BRIEF
The whole listing below, with no pictures, is to be repeated as it stands.

EXERCISE DATA
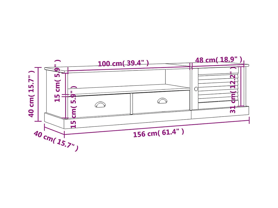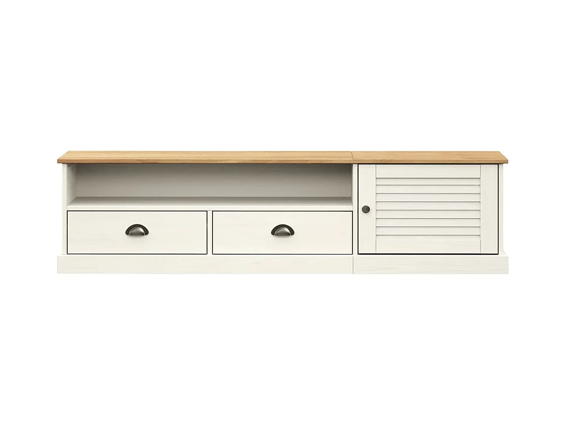 Marc-Frédéric Meuble TV VIGO blanc 156x40x40 cm bois massif de pin
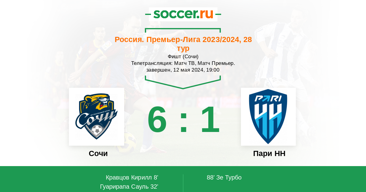 при Иличе “Пари НН” начнет набирать очки. Смена тренера всегда дает импульс. По “Сочи” скажем коротко: 8 очков от зоны переходных за 3 тура до конца сезона практически приговорили команду к вылету. Да, на старте весенней части сезона южане выглядели действительно здорово, только ленивый не пел дифирамбы в пользу Морено, но в последнее время команда сбавила обороты. “Сочи” не выигрывает 4 матча кряду, причем в 3 случаях на этом отрезке встречался с прямыми конкурентам в борьбе за выживание — “Факел” (0:0), “Урал” (2:2) и “Ахмат” (0:1).
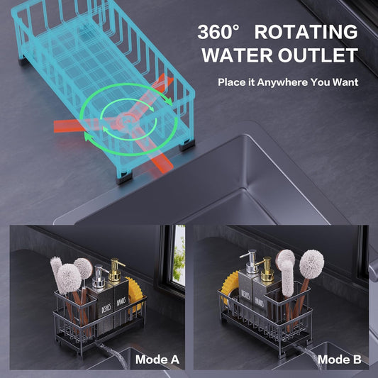 Kitchen Soap Dispenser Set with Sink Caddy, 12 Oz Glass Bottle, Hand and Dish Soap Dispenser Set with Sponge Holder (Black Sink Caddy + Black Bottle)

OUTPUT
 Marc-Frédéric Meuble TV VIGO blanc 156x40x40 cm bois massif de pin
 при Иличе “Пари НН” начнет набирать очки. Смена тренера всегда дает импульс. По “Сочи” скажем коротко: 8 очков от зоны переходных за 3 тура до конца сезона практически приговорили команду к вылету. Да, на старте весенней части сезона южане выглядели действительно здорово, только ленивый не пел дифирамбы в пользу Морено, но в последнее время команда сбавила обороты. “Сочи” не выигрывает 4 матча кряду, причем в 3 случаях на этом отрезке встречался с прямыми конкурентам в борьбе за выживание — “Факел” (0:0), “Урал” (2:2) и “Ахмат” (0:1).
 Kitchen Soap Dispenser Set with Sink Caddy, 12 Oz Glass Bottle, Hand and Dish Soap Dispenser Set with Sponge Holder (Black Sink Caddy + Black Bottle)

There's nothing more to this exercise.